_What is expected_. The material below includes pictures; leave them out and return only the lines between the line containing "Stylish room in" and the line containing "Introducing our Industrial-Style", inclusive, word for word.

*** Stored data ***

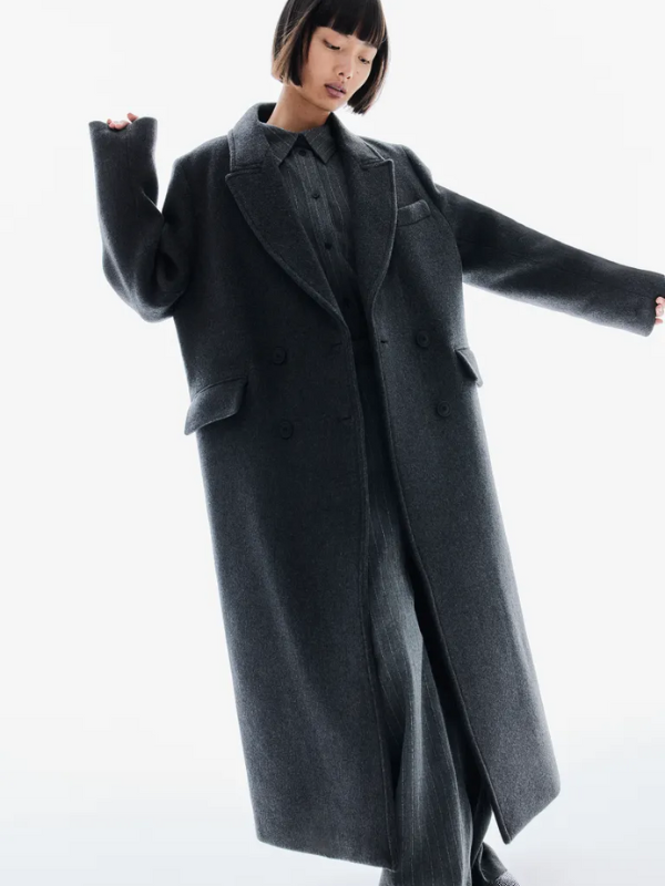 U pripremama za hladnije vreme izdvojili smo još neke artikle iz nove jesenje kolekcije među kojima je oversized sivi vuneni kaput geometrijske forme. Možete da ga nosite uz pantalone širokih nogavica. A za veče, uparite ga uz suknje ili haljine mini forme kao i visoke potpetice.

*** End of Stored data ***
*** Stored data ***

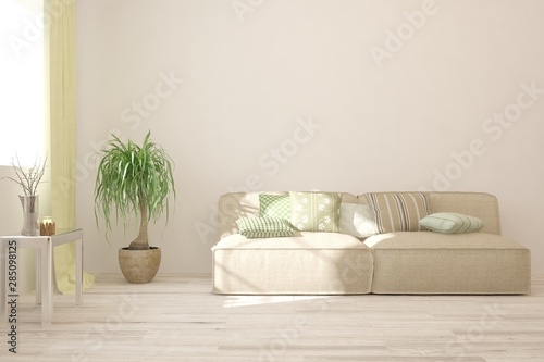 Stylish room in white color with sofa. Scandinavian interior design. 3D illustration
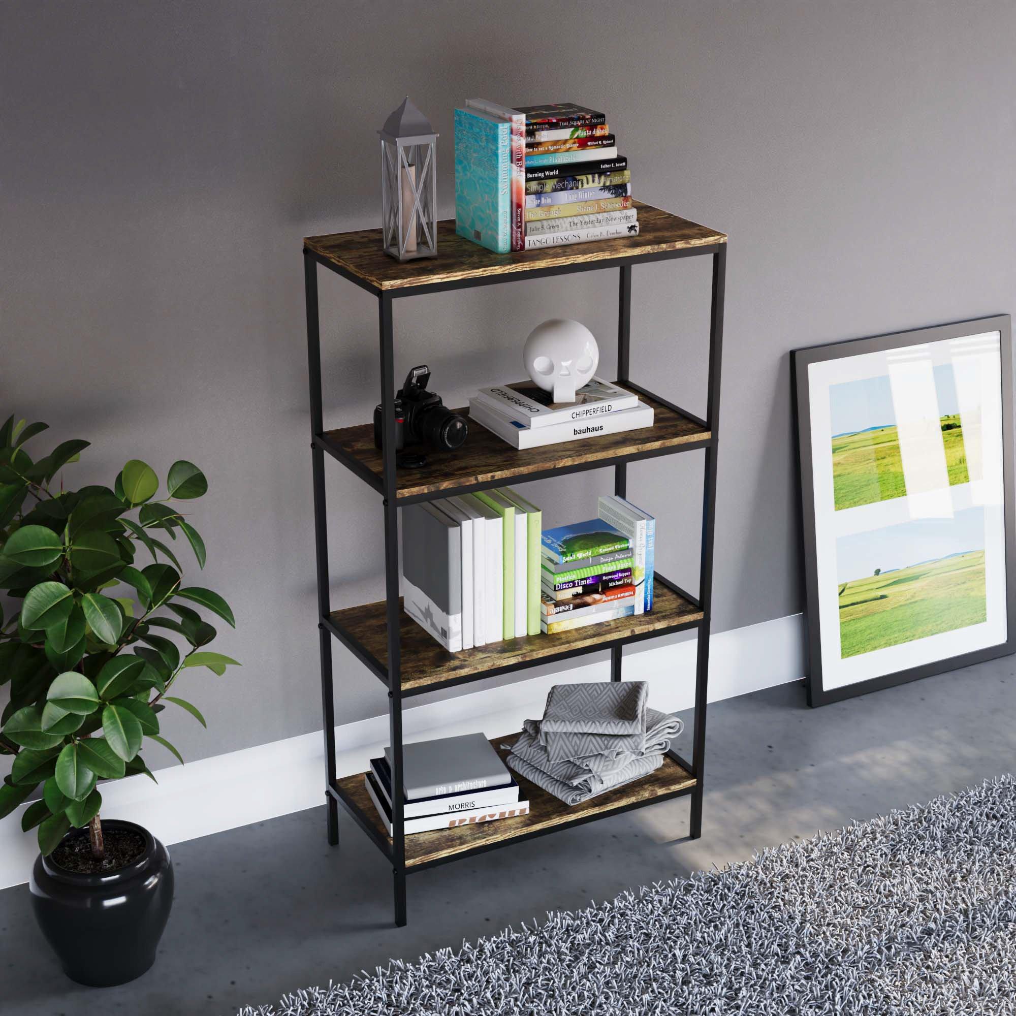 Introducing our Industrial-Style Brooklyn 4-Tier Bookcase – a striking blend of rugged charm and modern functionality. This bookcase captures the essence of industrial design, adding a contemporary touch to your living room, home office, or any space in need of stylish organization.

*** End of Stored data ***
*** Stored data ***

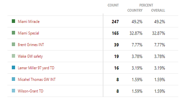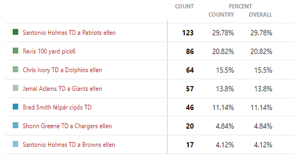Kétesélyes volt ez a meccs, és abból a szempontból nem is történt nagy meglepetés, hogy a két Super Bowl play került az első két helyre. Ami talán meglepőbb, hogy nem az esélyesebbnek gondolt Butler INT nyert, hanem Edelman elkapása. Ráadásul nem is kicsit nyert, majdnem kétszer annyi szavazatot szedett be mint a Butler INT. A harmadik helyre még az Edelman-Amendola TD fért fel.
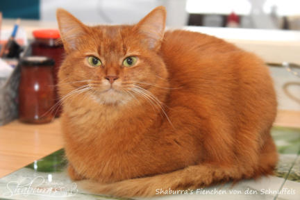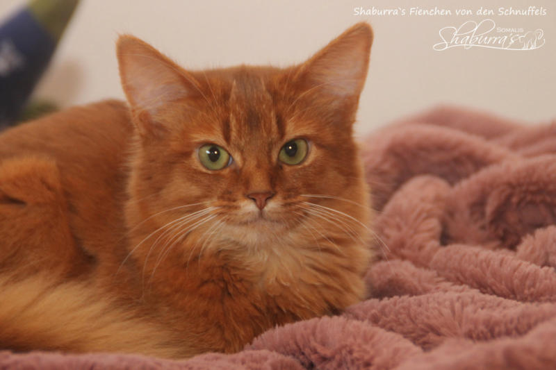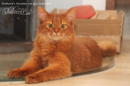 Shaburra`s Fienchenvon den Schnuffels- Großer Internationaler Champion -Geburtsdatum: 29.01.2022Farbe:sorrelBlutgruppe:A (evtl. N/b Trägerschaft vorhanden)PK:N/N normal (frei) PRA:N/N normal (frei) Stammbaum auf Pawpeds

*** End of Stored data ***

_Output of the exercise_.
 Stylish room in white color with sofa. Scandinavian interior design. 3D illustration
 Introducing our Industrial-Style Brooklyn 4-Tier Bookcase – a striking blend of rugged charm and modern functionality. This bookcase captures the essence of industrial design, adding a contemporary touch to your living room, home office, or any space in need of stylish organization.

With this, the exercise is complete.